E-venting.net

9/11: Remembering Danny Lewin

On September 11, 2001 I had just begun running Events for Jupiter Media Metrix, after working with the company for a couple of years as an analyst. The first show scheduled that I was responsible for was on Web Technologies in San Francisco, on September 12, 2001.

Danny Lewin, Founder and CTO of Akamai Technologies, was the keynote for that conference. He was on board one of the planes from Boston that struck the World Trade Center.

I never met Danny but think of him a lot, especially in September. I'm thinking about him today.

---
The Daniel Lewis Science Scholarship Fund now exists to provide scholarships to students pursuing degrees in science. Contributions in Danny's name can be made at:

Hale and Dorr Capital Management LLC
60 State Street
Boston, MA 02109
---

September 11, 2006 at 01:02 PM in Interludes | Permalink | Comments (1) | TrackBack (0)

Blogging Narcissism

Remember the common practice in the 80s for bands to name a song after themselves, or  include their name prominently in the lyrics?

In a Big Country by Big Country
Bad Company by Bad Company
"Everybody Wang Chung Tonight" from Everybody Have Fun Tonight by Wang Chung
"Mom you're just jealous, it's the Beastie Boys!" from Fight for your Right to Party by the Beastie Boys

(All of which was likely inspired by just about everything recorded by Bo Diddley.)

Do you think we can find its modern-day equivalent in bloggers who blog about blogging, and bloggers who blog about bloggers who blog about blogging?

(No links above because there's no point in singling anyone out - we ALL do it.)

February 10, 2006 at 03:12 PM in Interludes | Permalink | Comments (0) | TrackBack (0)

The (Inevitable) Rise of the Reputation Broker

Steve Rubel commented the other day on the end of e-mail marketing when he cited AOL and Yahoo!'s new initiative to essentially begin charging for first-class e-mail delivery.
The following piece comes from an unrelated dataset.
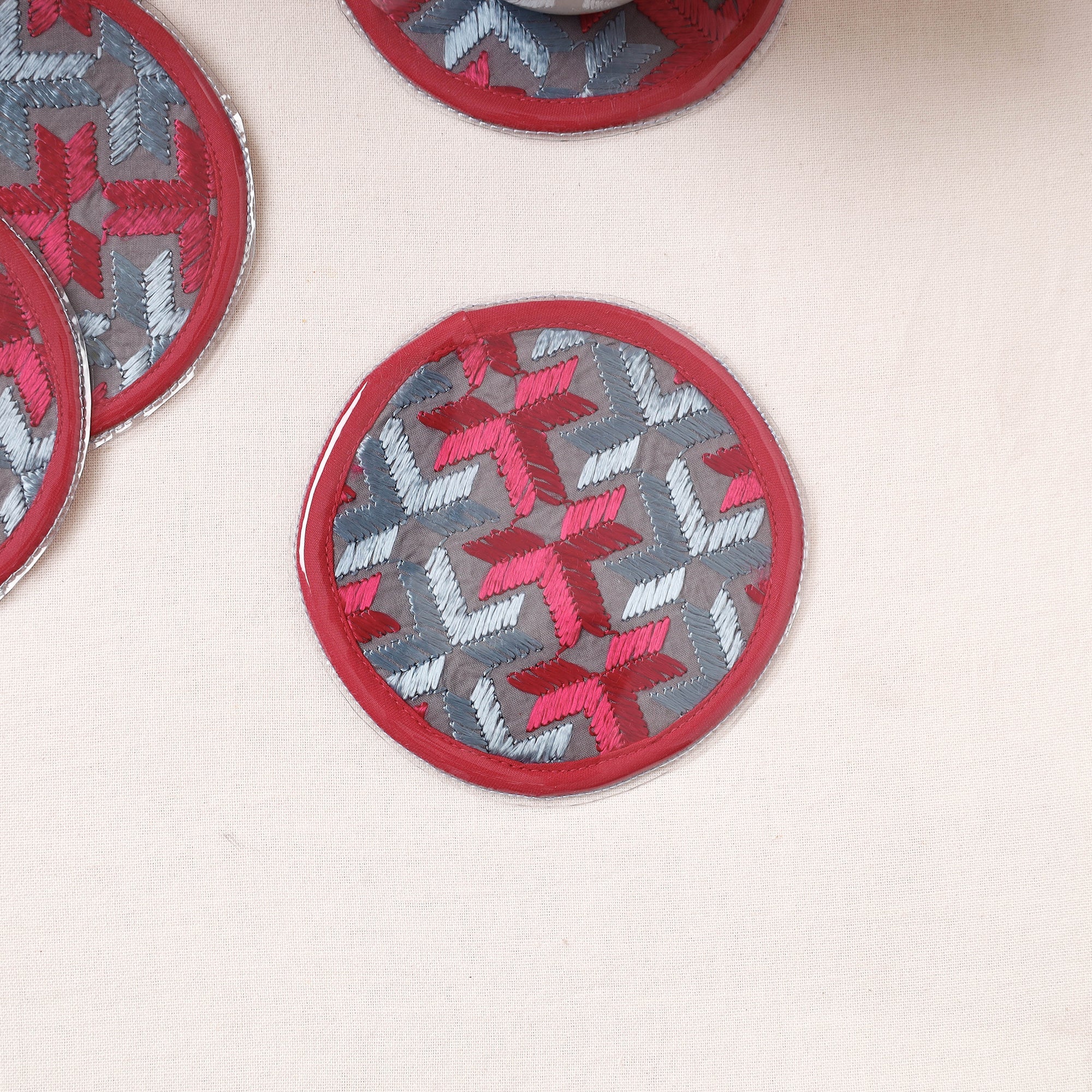 Elevate your table decor with these exquisitely handcrafted Phulkari hand embroidery laminated coasters. The word phul means flower and kari means craft. Phulkari is the art of making beautiful intricate designs and motifs on fabrics with different coloured threads. These coasters not only protect your surfaces but also showcase the artistry of Punjab's rich embroidery tradition.

Maybe now somebody will read the article I wrote for MediaPost called Rolling Out RSS: Think Like a Newsletter, not a Newspaper.

I couldn't agree with Steve more on this. In fact, as a Jupiter Analyst back in 2001, I predicted this very occurrence (e-mail gatekeepers like AOL charging for first-class delivery) in a research note I wrote with colleague Chris Todd (if anybody can find that note, I'd love to see it again. My subscription expired...)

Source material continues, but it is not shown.